In the entries below, repeat only the lines between those holding "An Evening of" and "Cotton on Women's", inclusive. Leave pictures out.

-------- MATERIAL TO PROCESS --------

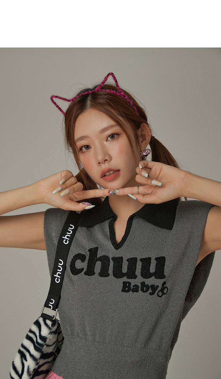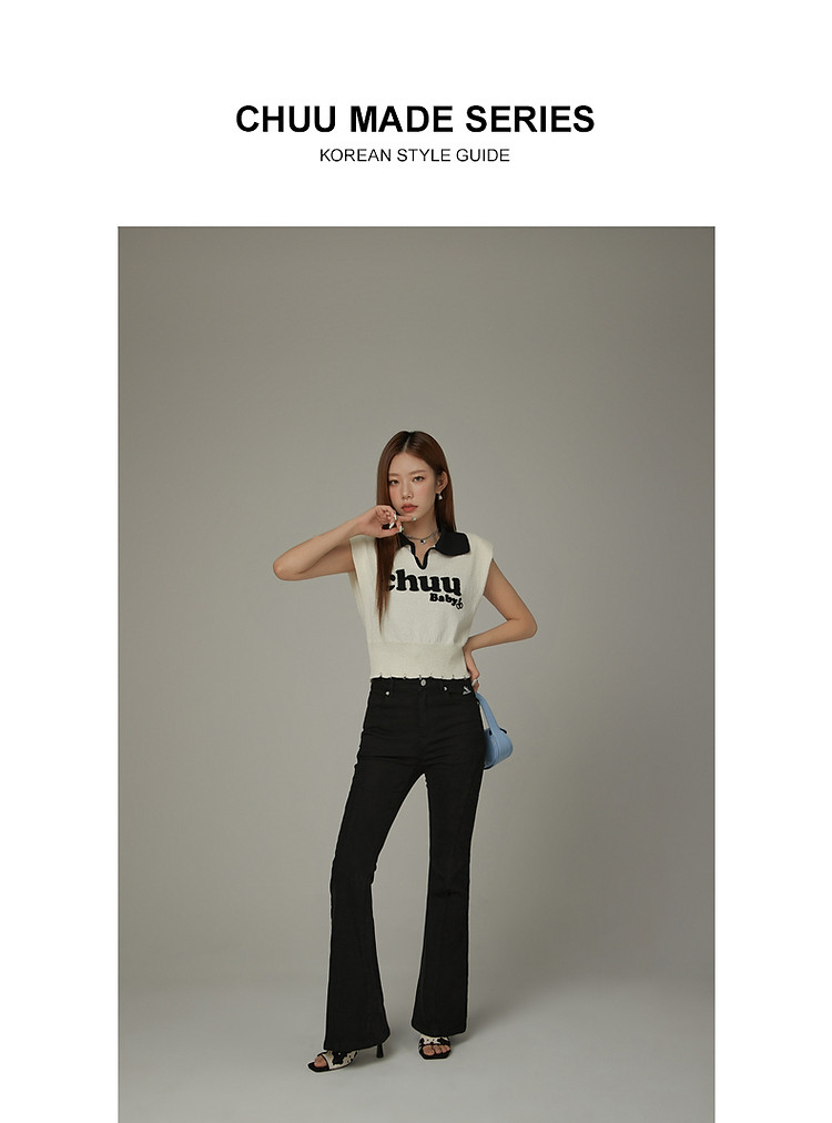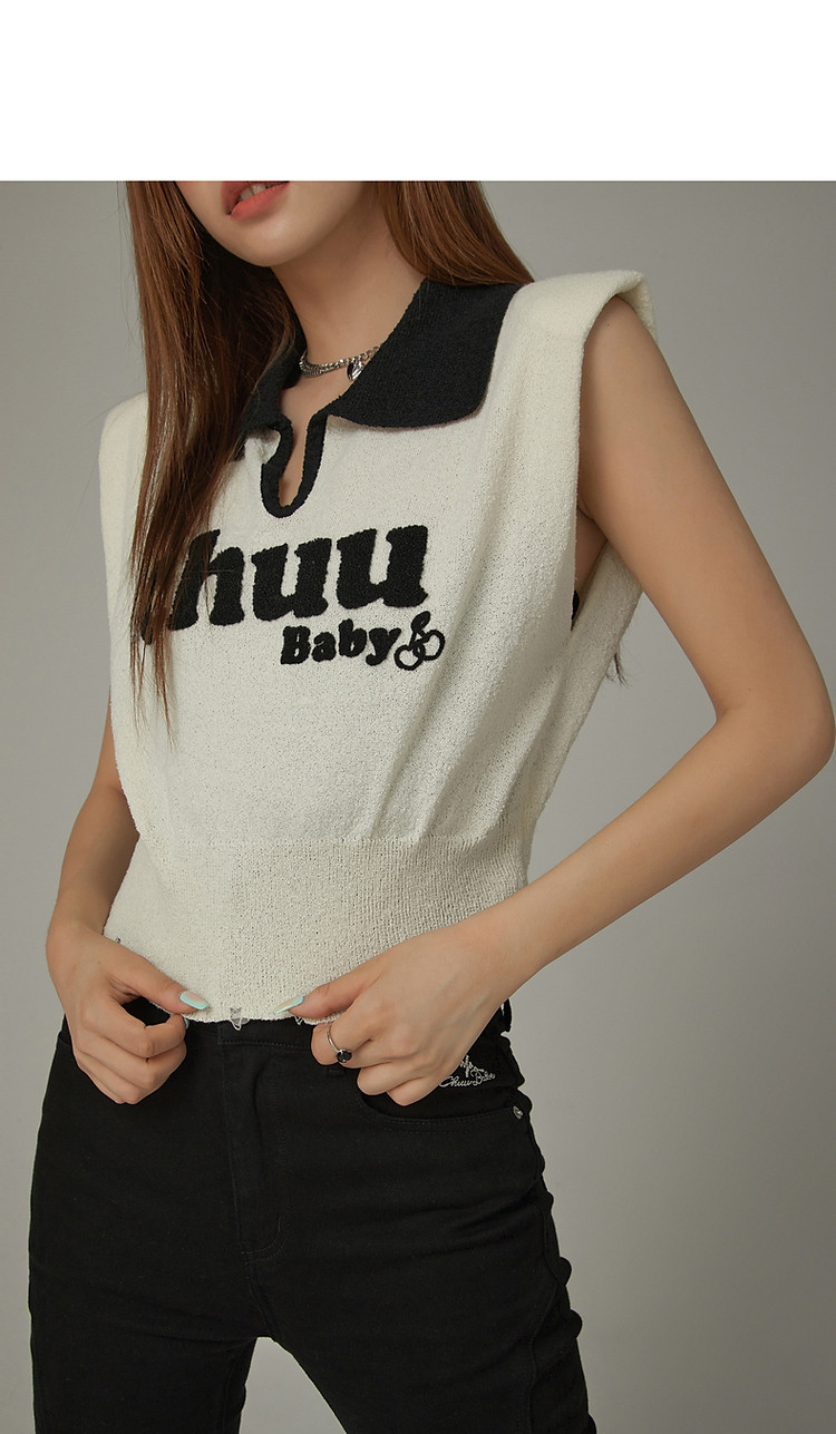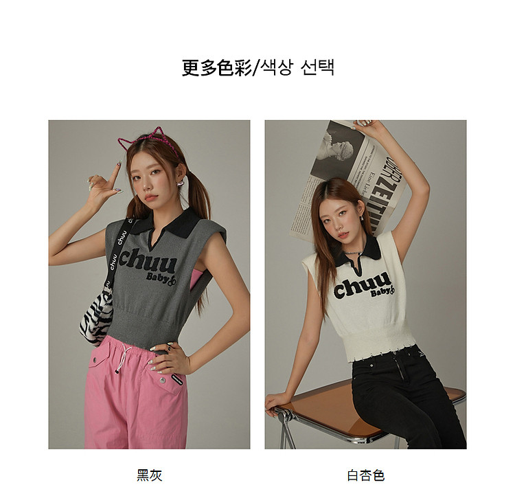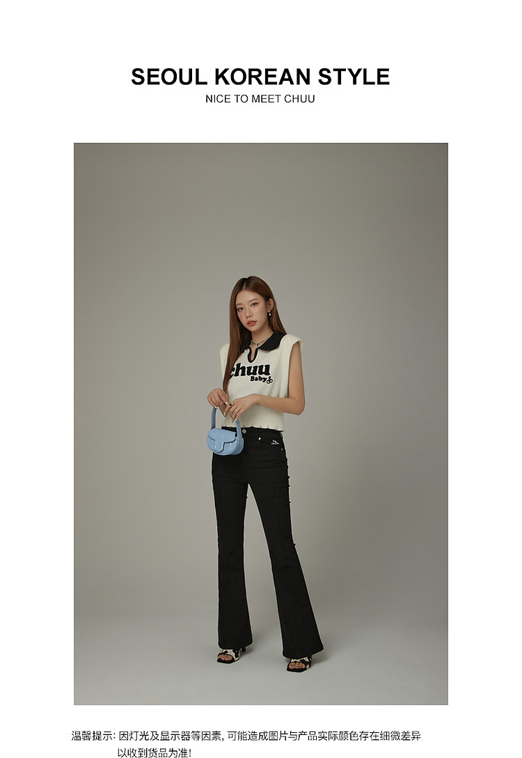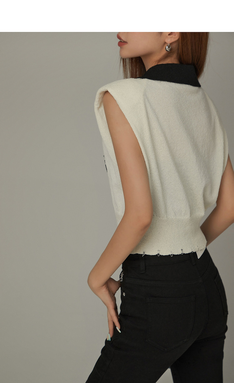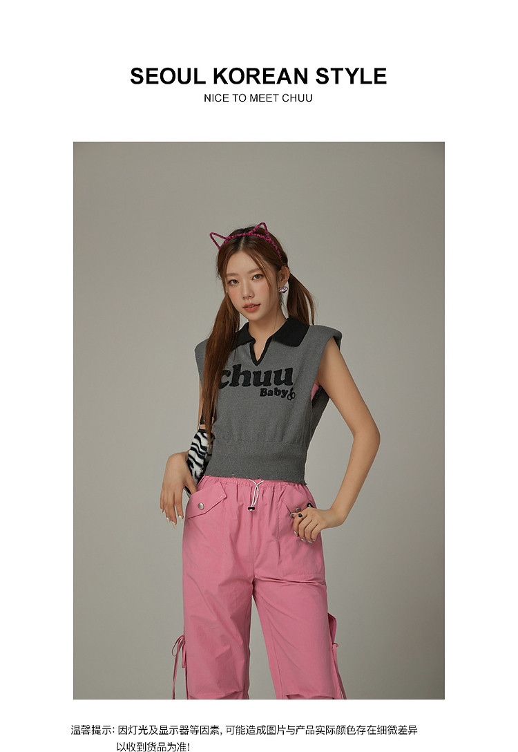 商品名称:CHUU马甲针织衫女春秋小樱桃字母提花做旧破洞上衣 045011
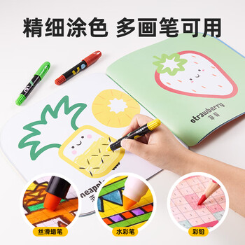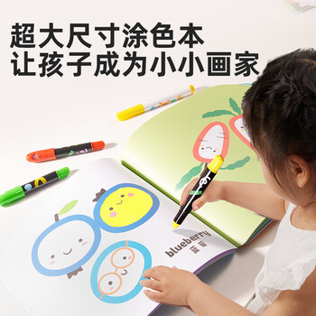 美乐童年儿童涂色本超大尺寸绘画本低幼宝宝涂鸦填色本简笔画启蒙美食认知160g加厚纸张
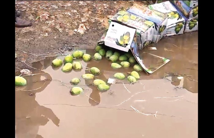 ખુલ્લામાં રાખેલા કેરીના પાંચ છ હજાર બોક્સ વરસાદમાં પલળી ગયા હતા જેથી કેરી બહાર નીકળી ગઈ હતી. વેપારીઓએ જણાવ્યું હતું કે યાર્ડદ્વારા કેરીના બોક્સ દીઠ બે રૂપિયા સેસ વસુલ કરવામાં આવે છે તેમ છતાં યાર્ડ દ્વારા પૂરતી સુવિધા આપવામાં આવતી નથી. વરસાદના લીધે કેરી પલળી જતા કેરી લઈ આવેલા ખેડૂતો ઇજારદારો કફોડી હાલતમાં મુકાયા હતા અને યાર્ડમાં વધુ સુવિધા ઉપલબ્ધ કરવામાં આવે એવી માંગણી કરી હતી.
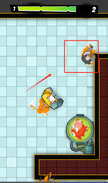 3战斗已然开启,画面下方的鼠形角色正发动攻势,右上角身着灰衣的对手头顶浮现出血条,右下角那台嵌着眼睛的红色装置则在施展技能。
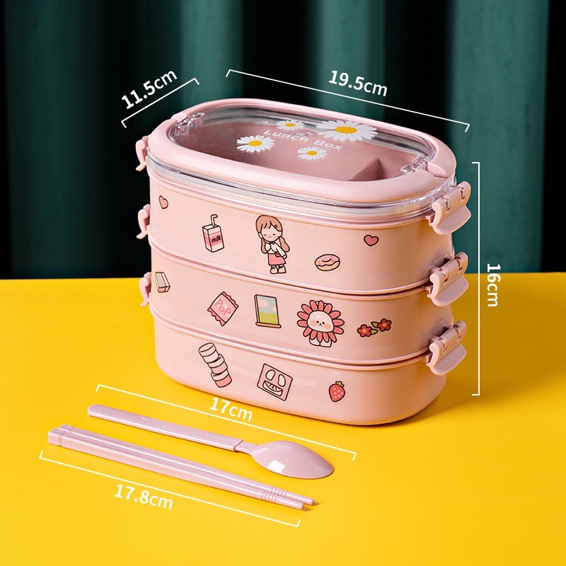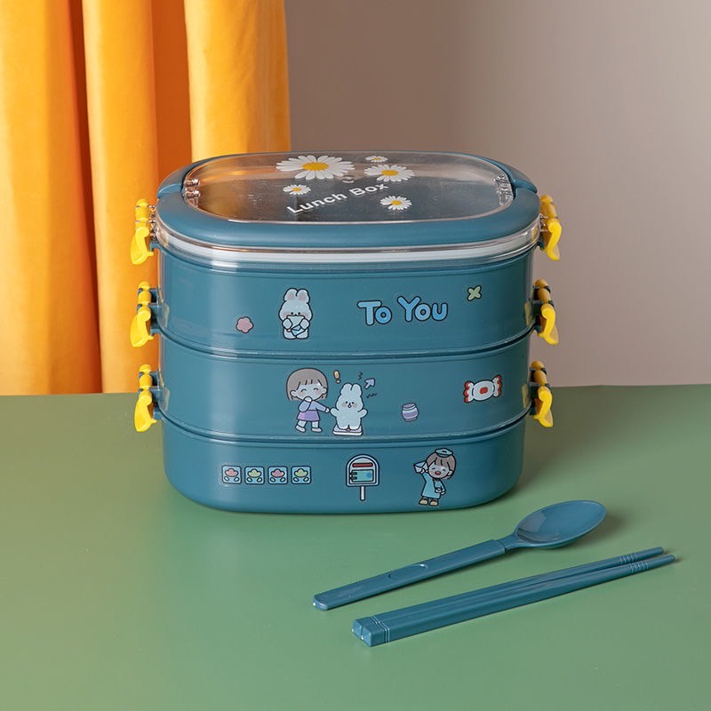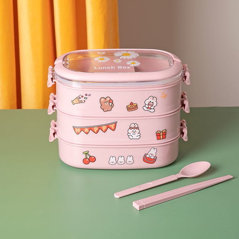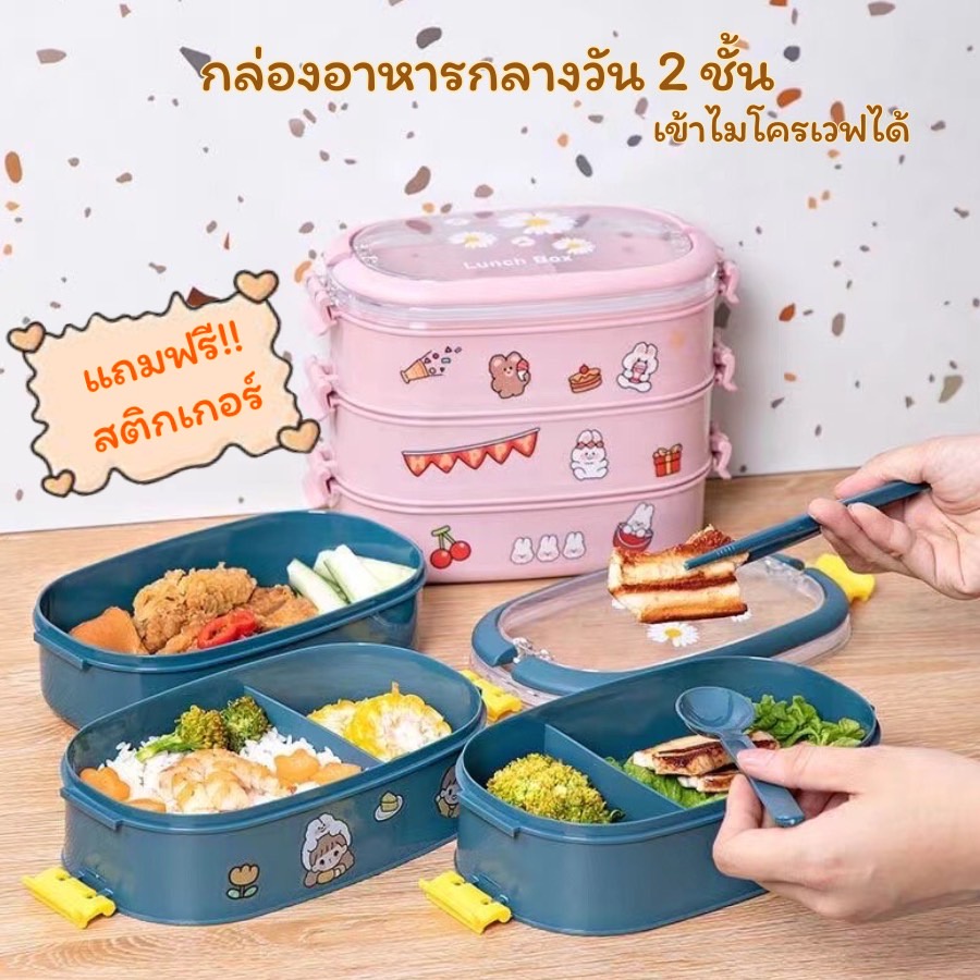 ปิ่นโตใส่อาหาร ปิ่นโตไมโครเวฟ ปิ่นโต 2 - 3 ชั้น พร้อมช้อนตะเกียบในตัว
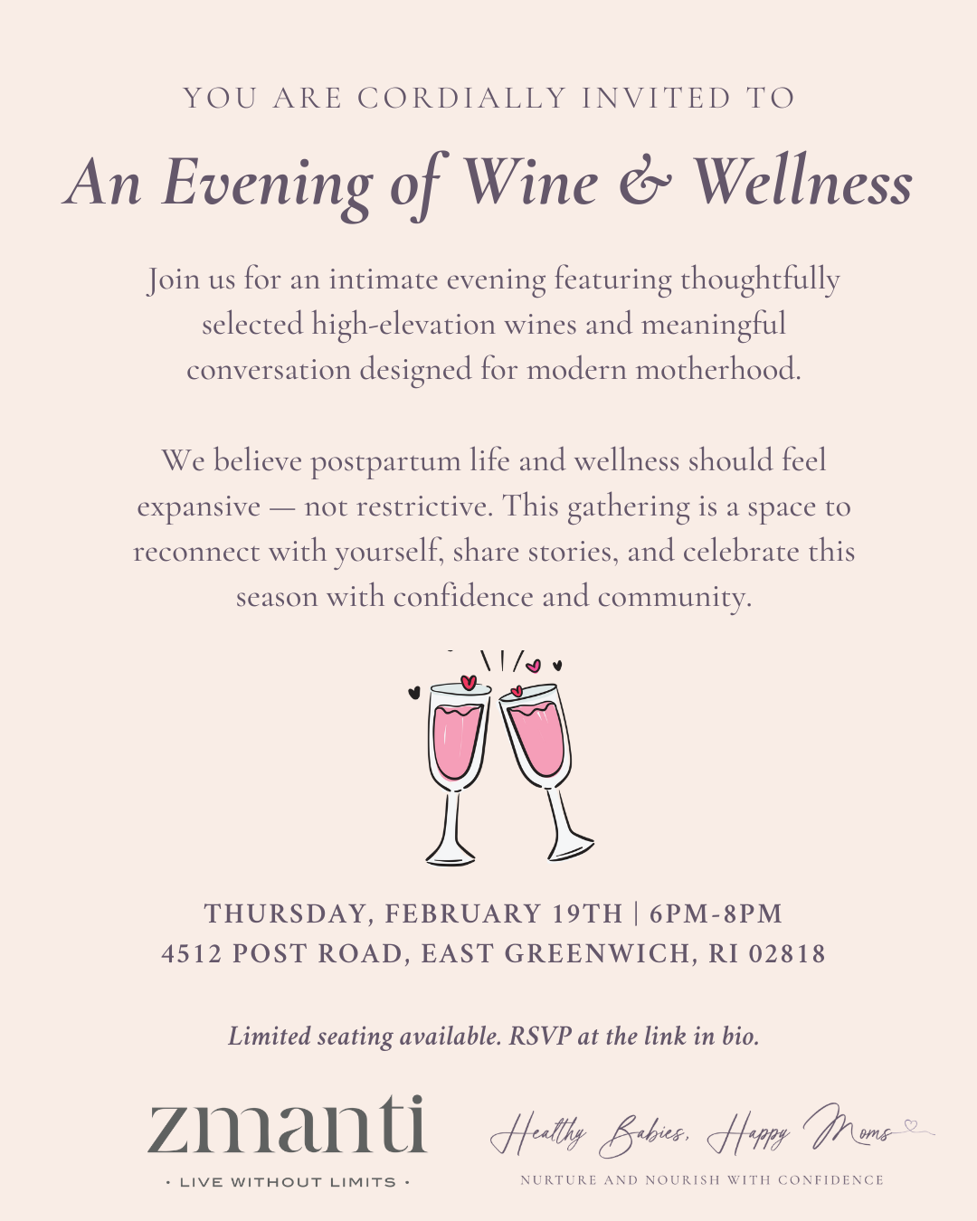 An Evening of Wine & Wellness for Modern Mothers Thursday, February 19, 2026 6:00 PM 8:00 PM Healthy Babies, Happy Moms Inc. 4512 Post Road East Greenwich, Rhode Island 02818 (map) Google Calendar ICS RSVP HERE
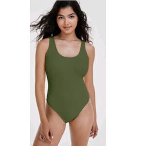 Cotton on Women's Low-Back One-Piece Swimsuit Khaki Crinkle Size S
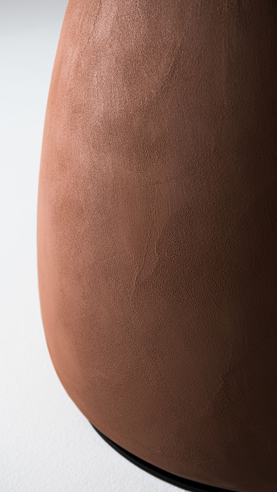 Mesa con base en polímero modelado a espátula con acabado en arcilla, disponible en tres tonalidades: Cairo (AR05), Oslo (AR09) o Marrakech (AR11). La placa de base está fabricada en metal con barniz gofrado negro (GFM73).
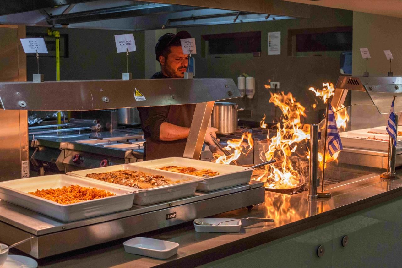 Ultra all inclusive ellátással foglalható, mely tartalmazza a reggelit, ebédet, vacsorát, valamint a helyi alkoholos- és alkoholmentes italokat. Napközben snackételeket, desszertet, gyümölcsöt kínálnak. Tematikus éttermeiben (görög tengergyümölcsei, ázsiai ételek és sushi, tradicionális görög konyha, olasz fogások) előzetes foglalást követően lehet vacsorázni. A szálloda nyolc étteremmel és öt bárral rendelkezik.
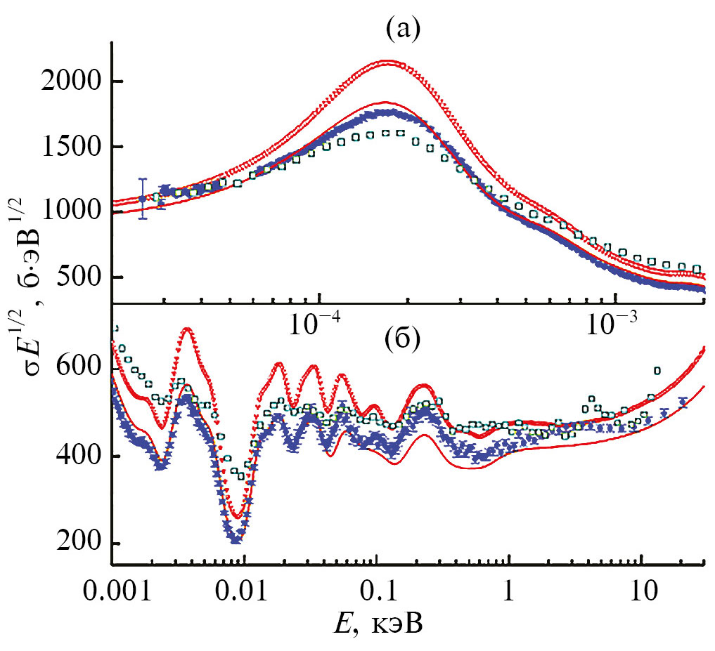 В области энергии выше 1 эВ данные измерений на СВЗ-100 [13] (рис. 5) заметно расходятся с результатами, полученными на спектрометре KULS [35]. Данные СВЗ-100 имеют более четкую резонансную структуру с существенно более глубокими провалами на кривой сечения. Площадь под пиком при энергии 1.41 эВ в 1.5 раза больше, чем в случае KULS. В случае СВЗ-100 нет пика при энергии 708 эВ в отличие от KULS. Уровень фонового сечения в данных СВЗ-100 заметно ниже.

--------

→ SOLUTION FOR THIS PROBLEM
 An Evening of Wine & Wellness for Modern Mothers Thursday, February 19, 2026 6:00 PM 8:00 PM Healthy Babies, Happy Moms Inc. 4512 Post Road East Greenwich, Rhode Island 02818 (map) Google Calendar ICS RSVP HERE
 Cotton on Women's Low-Back One-Piece Swimsuit Khaki Crinkle Size S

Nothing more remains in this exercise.